Cancer Association of Botswana
- Abbreviation: CAB
- Formation: 1998
- Type: non-governmental organization

= Cancer Association of Botswana =

Non-governmental organization

Cancer Association of Botswana (CAB) is a volunteer run, non-governmental organization established as a trust in 1998. They are dedicated to reducing the impact of cancer on all affected in Botswana.

==Mission==
Cancer Association of Botswana is dedicated to reducing the impact of cancer on all affected in Botswana by increasing awareness and education to promote healthy lifestyles and early detection of cancer, facilitating medical care and providing counseling and support to those affected.

==Programs==
- Awareness
CAB promotes prevention and health promotion through talks, conferences, campaigns and the distribution of brochures and posters throughout the country.
- Care
Through Tshiamo House (the Interim Care Home) temporary accommodation, medical care, and meals are provided to patients while they are receiving treatment at Princess Marina Hospital and Gaborone Private Hospital.
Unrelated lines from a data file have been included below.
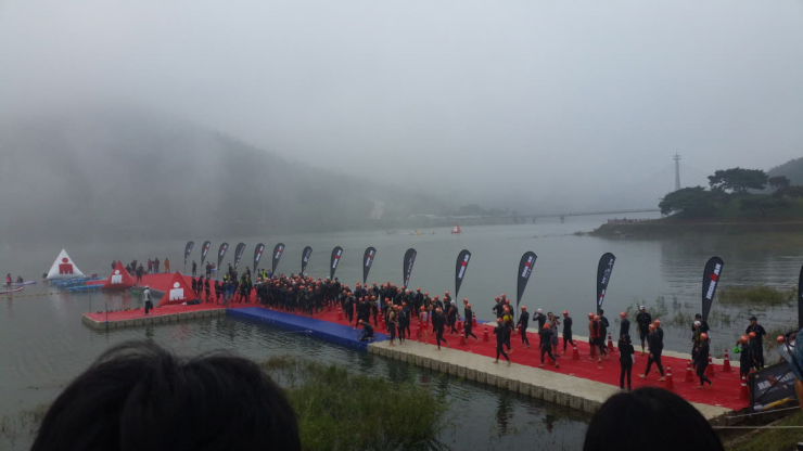 대회 당일인 9월10일 오전6시40분, 지리산 호수에는 대회 참가자들과 이들을 응원하러 온 지인들로 이른 새벽부터 인산인해를 이뤘습니다. 서울트라이 팀, 14명의 참가자들은 연초부터 쌓아온 훈련을 바탕으로 완주를 위해 온 힘을 다했습니다.
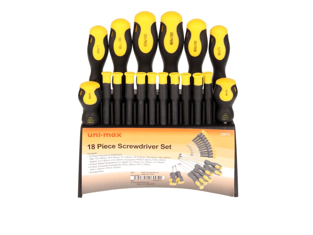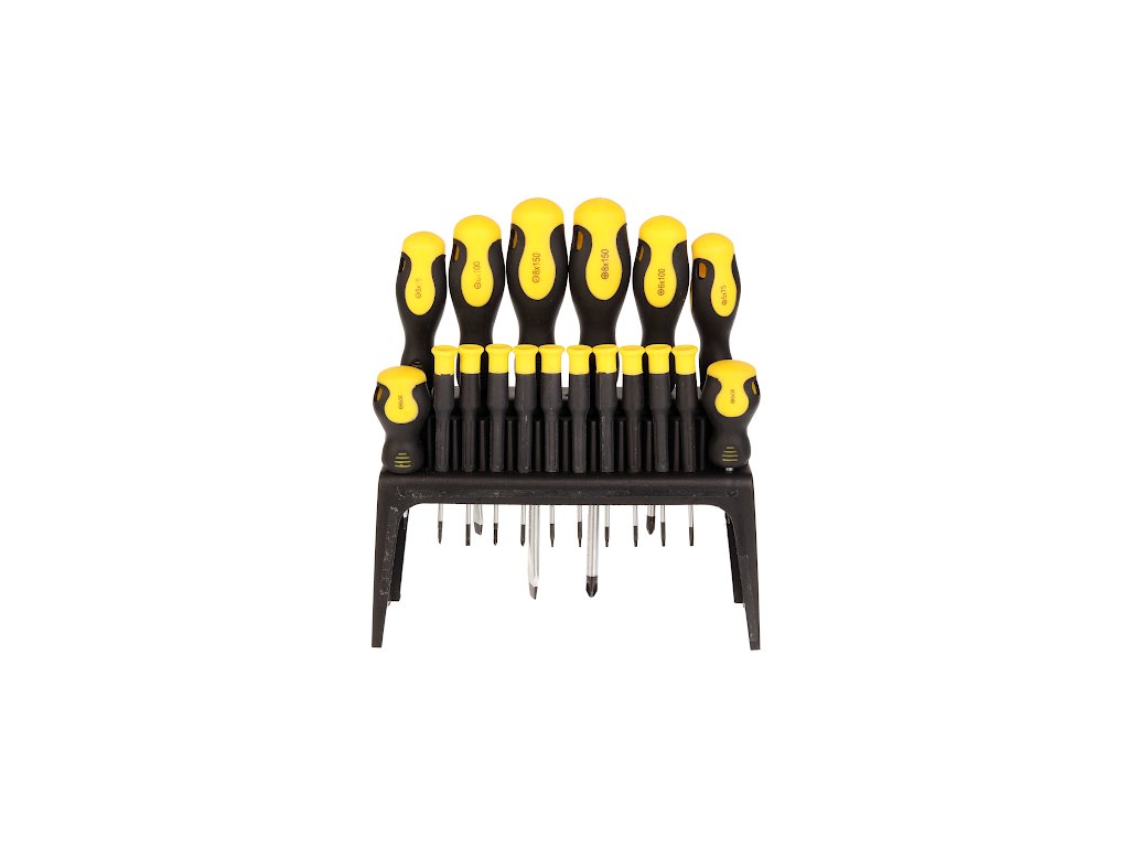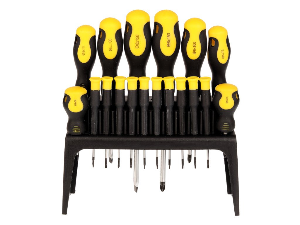 Vsebuje visokokakovostne izvijače: ravne 6 × 38; 5 × 75; 6 × 100, 8 × 150 mm; Phillipsovi izvijači PH2 × 38, PH1 × 75, PH2 × 100, PH3 × 150 mm in komplet 10 natančnih izvijačev. Material: CrV jeklo, PP+TPR plastični ročaj, plastično stojalo.
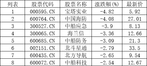 截至09:45,航母概念板块下挫。宝塔实业(000595.CN)跌4.82%报5.92元,中国海防(600764.CN)跌4.08%报27.01元,中船应急(300527.CN)跌3.90%报8.13元,海兰信(300065.CN)跌3.36%报12.66元,中船防务(600685.CN)跌3.09%报21.3元,北斗星通(002151.CN)跌2.79%报33.5元,北方导航(600435.CN)跌2.65%报9.54元,中船科技(600072.CN)跌2.54%报12.67元。

Cancer Association of Botswana also provides transportation for patients to go to the hospitals for treatment.
- Support

CAB offers free, confidential counseling to patients, family, and friends. After-care is also offered to patients after returning to their respective homes through follow up telephone calls and home visits.
- Reach for Recovery
CAB has a group of survivors who visit cancer patients at their homes and provide them with emotional and spiritual support. This allows for a process whereby cancer victims transform into cancer survivors through active, optimistic and healthy outlook and lifestyle.